Burns powiedział na stronie 50 magazynu, że sesja sądowa odbyła się w wiosce Salem, ale rzeczywiste procesy odbywały się w mieście Salem, geograficznie innym miejscu niż to, co było wtedy nazywane wioską Salem. Powiedziała jednak, że wstępne badania i przesłuchania odbywały się w wiosce Salem.
na stronie 94 publikacji podpis do zdjęcia domu siedmiu szczytów niedokładnie stwierdza, że dom znajduje się w Danvers, a nie w Salem.
„na samym końcu osoba, która napisała podpis do domu siedmiu szczytów, umieściła go w Danvers, co jest błędne” – powiedział Daniell. „To nie jest w Danvers i nie ma nic wspólnego z procesami czarownic.”
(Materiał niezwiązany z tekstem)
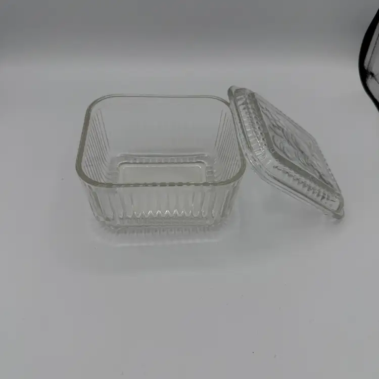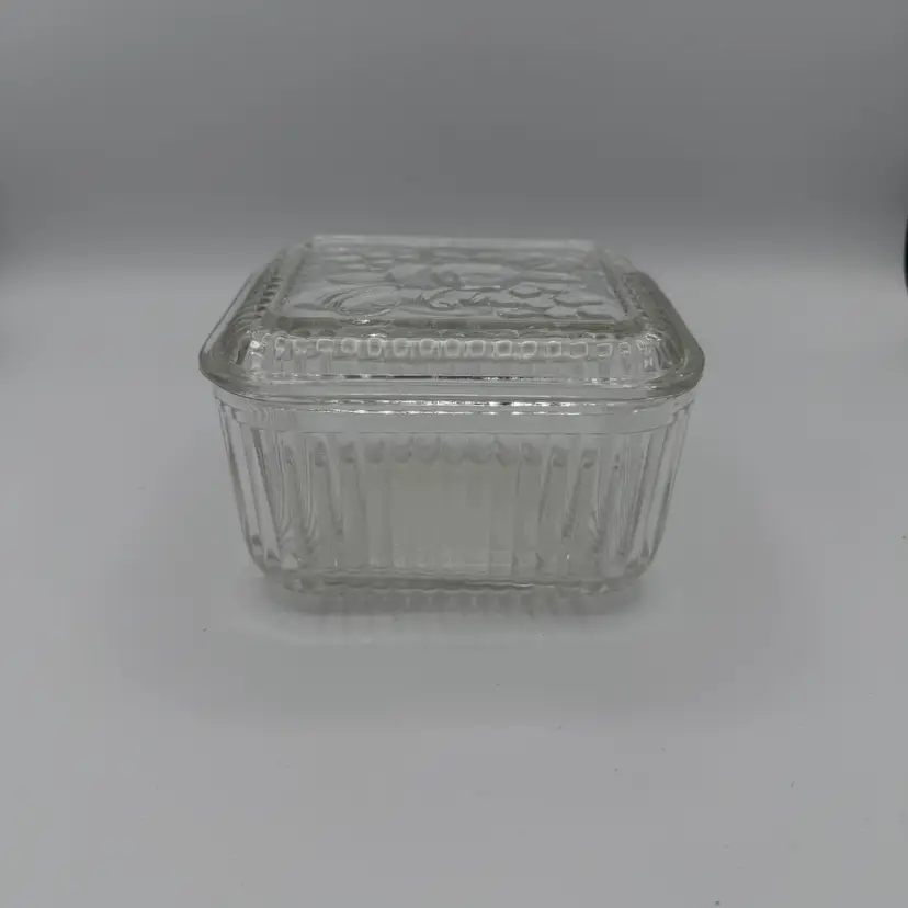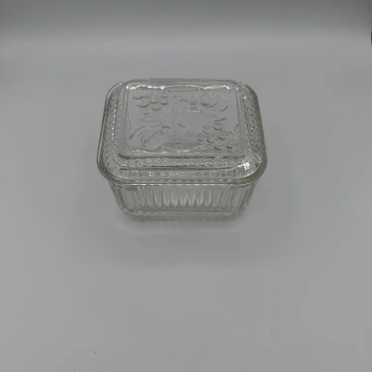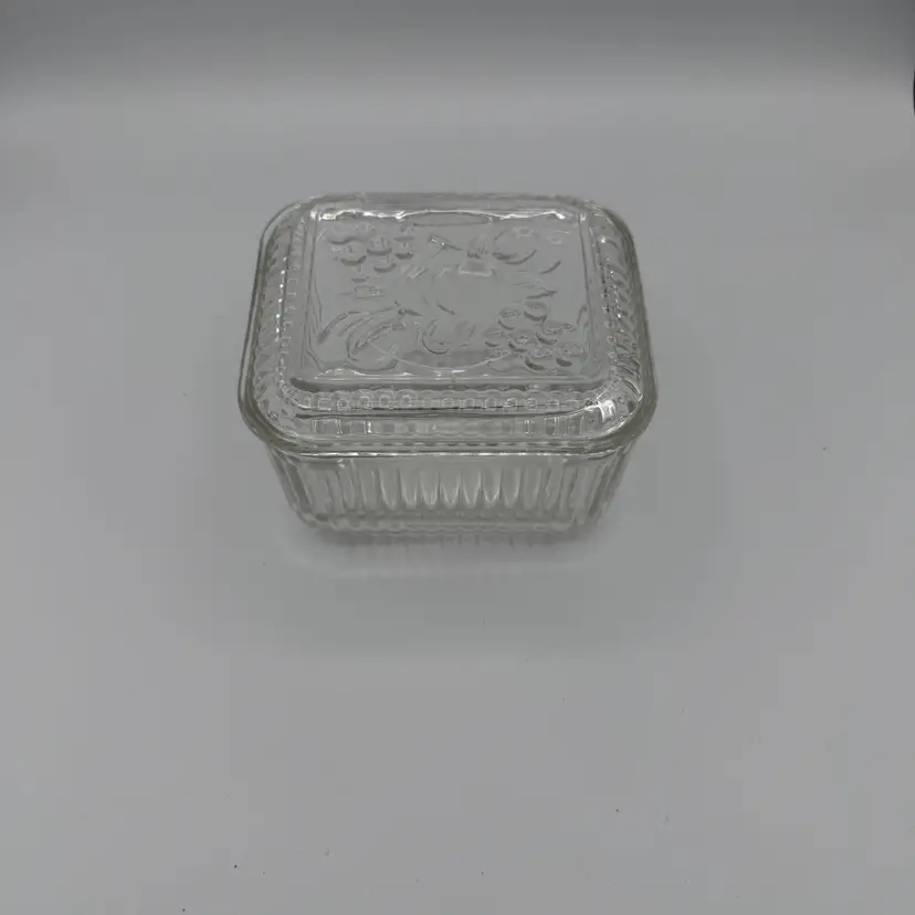 Vintage Clear Glass Refrigerator Dish With Lid Featuring Embossed Fruit Design on Lid. Has Ribbed Sides. Good Vintage Condition. No Chips/Cracks. 5" X 4 1/2"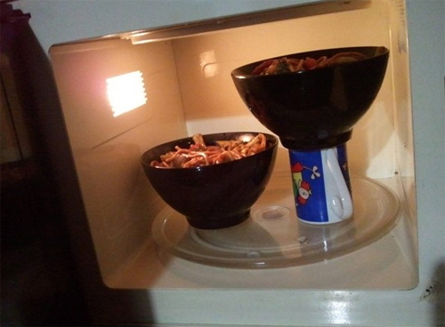 Khi muốn quay cả 2 bát to đùng trong lò vi sóng, bạn có thể dùng một cái cốc rồi đặt một bát lên trên. Nhớ là bát phải nặng vừa thôi, không là đổ hết cả ra máy đấy.

Burns powiedział, że tekst błędnie nazywa córkę Sary Good Dorcas, a nie Dorothy, na stronie 47. Miała również problem z cytatem na stronie 44 późniejszych historyków, którzy uważali, że Tituba mogła być pół-rdzenną Amerykanką, a pół-Afrykanką, kiedy według Burnsa, główne źródła wskazują, że była rdzenną Amerykanką.
„Pomysł, że była pół na pół był naprawdę trochę za duży. Wszystko z pierwotnych źródeł mówi, że była rdzenną Amerykanką. Ludzie mówią, że może była pół na pół-Nie, Nie Była. ”
tekst twierdzi również na stronie 38, że Tituba po wyznaniu nie była w stanie zapłacić rachunku za więzienie i została później kupiona przez nieznaną osobę. Burns powiedział, że żadne źródła nie potwierdzają, czy Tituba została kupiona po jej spowiedzi.